Adam seems tired of the room and the George decals. He picks up his book and lays back on the exam table, swinging a crossed leg dramatically, amusing himself with a new movement, a new rhythm. He touches a canvas on the wall—a clown painted in bright colors—and slowly moves it sideways with one finger to reveal the wall behind. I smile, understanding. “Hey Buddy, leave the picture alone,” I say, coming to stand beside him, trying to find the now again in the midst of the pause. I rub his cheek with my hand, and his bright blue eyes find mine, and slowly a new conversation begins.
And I realize, standing there with my son—he the picture of so much grace offered to me, how much of the now I’ve missed in so much waiting. And I see what God wants me to see, what He gently shows every day because I need it so badly—that there is an important difference between waiting and anticipation.
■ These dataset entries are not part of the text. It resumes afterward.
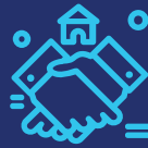
Real Estate Agents and Brokers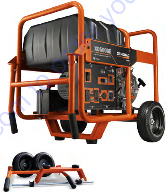
Portability Kit sold separately. Part No. G0069100

AC Rated Output Running Watts 5000 AC Maximum Output Starting Watts 5500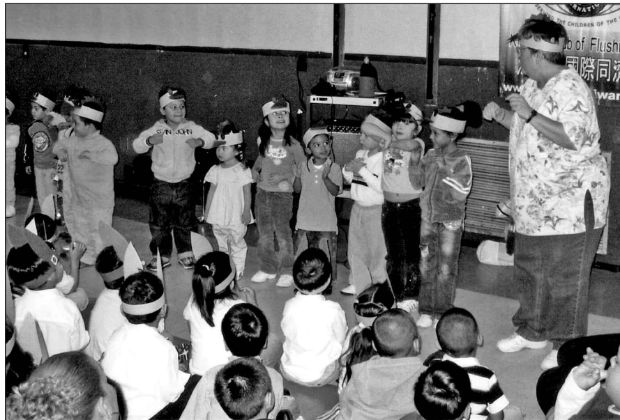
Children and their teacher at the Shield School do the bunny hop at Easter Party sponsored by the Kiwanis Club of Flushing, Queens East Division.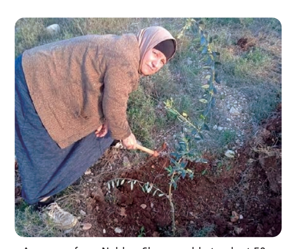
A woman from Nablus. She was able to plant 50 olive trees in her farm which was formerly destroyed by settlers.

For every 3,000 yen donated, one olive tree sapling is delivered to Palestine. Donations collected through YWCA of Japan in 2023 has amounted to 309 olive trees in 2023.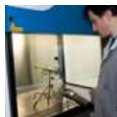
AIR FLOW SPEED TEST

Each Faster cabinet is tested conforming to EN - 12469:2000, EN - 61010:2001 and released with FAT certificate of the tests performed.

As a new mom, I waited for nearly everything, my breath caught in my throat. I waited for words, for walking, for no more spit up wiped from my shoulder, for the sour smell to waft away. I waited for my body to remember what it had been, where everything belonged, for taut and angular to replace round and soft. I waited for potty training, for quiet, for rest. I waited to find myself somewhere in the whoosh of mothering, sometimes only half-living out those weary days, the ones that felt so cluttered with need, the hours that felt unending. I spoke a lot about what would never happen and would always be, those words the signposts of a wasteland, a warning.
And I clung hard, and God fought hard, touching my eyes to help me see the blessing of now.
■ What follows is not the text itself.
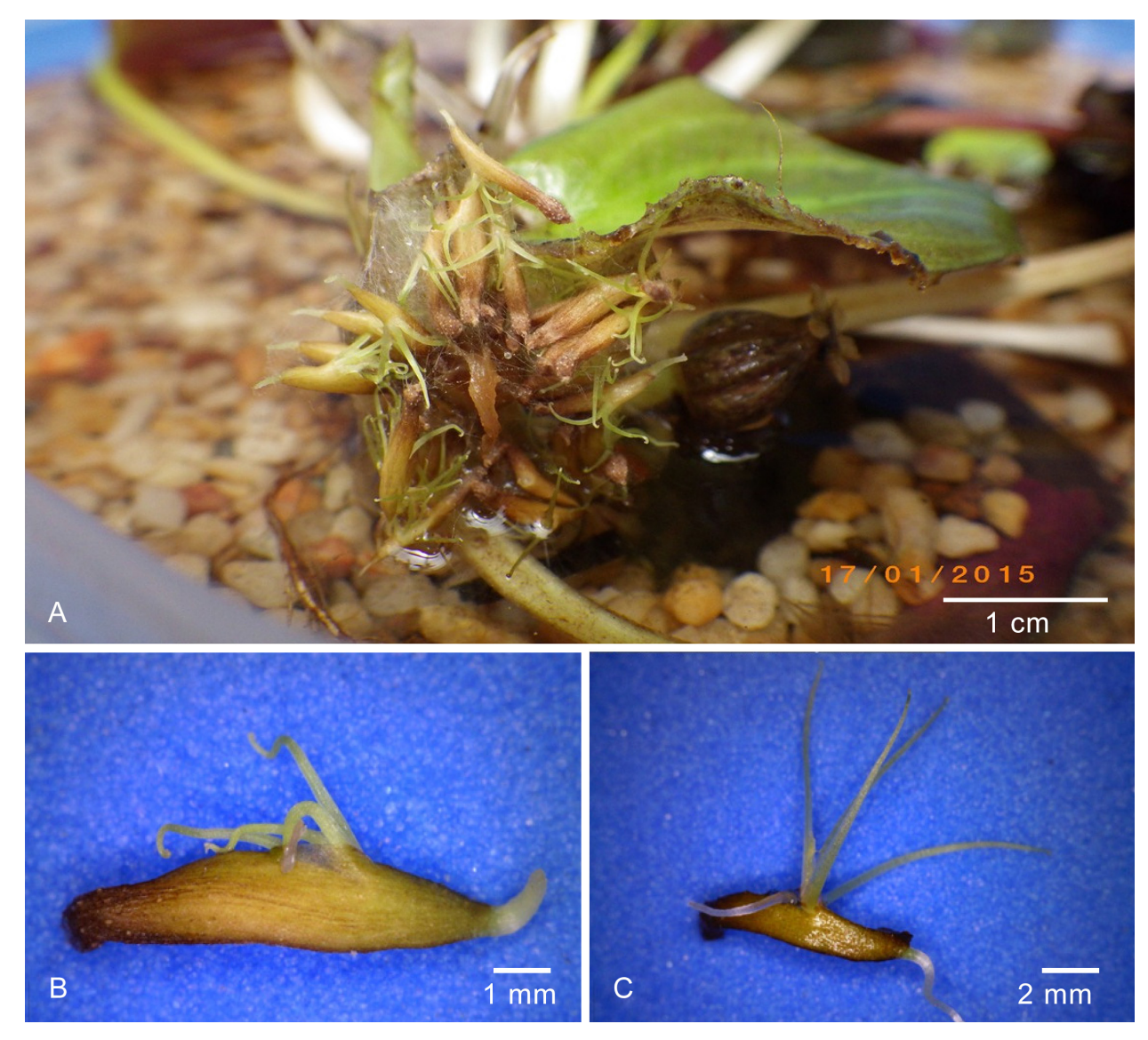
Fig. 6. Cryptocoryne aura – A: plant with opened syncarp with germinating seeds showing green plumulary processes; B: germinating seed showing first stage of primary root emerging from distal end of seed (right) and still curled-up plumulary processes emerging from testa; C: germinating seed at later stage than in A, showing long, bent primary root and 4 plumulary processes.

MacKinnon K., Hatta G., Halim H. & Mangalik A. 1996: The ecology of Indonesia series. Volume III: the ecology of Kalimantan. – Pp. 35–41 in: Chapter 1. The island of Borneo Flora. – Hong Kong: Periplus Editions.

I held my babies and walked my fingers up their tender arms, slowly, slowly, slowly–and then quickly–stopping to tickle them under the chin, laughing over their gurgling giggles. Even then, they taught me that anticipation means “laughing at the days ahead,” while tasting the richness of right now.
And still, every day, I struggle. I struggle against the half-living, the waiting for something else, the wondering when some season will come. But waiting means never really living fully, the expectation of something other shrouding the gifts of grace poured out in this moment. It is a distraction from madness, a tapping of unsatisfied fingers against an unwelcome pause just shy of paralysis. Waiting is the cloaked half-sister of complaint and discontent, the shrouded, mocking, blinding trio of the I’d rather.
We were not created for I’d rather. And the lie is that we have a time other than this one, that any moment could be more important than the one we’re breathing through right now.
Lately, the Spirit has me on my knees, asking for Holy hands to shake me awake, begging to see the fullness of a thousand gifts poured out NOW.
Because God reveals His glory moment by moment. And I don’t want to miss any of it.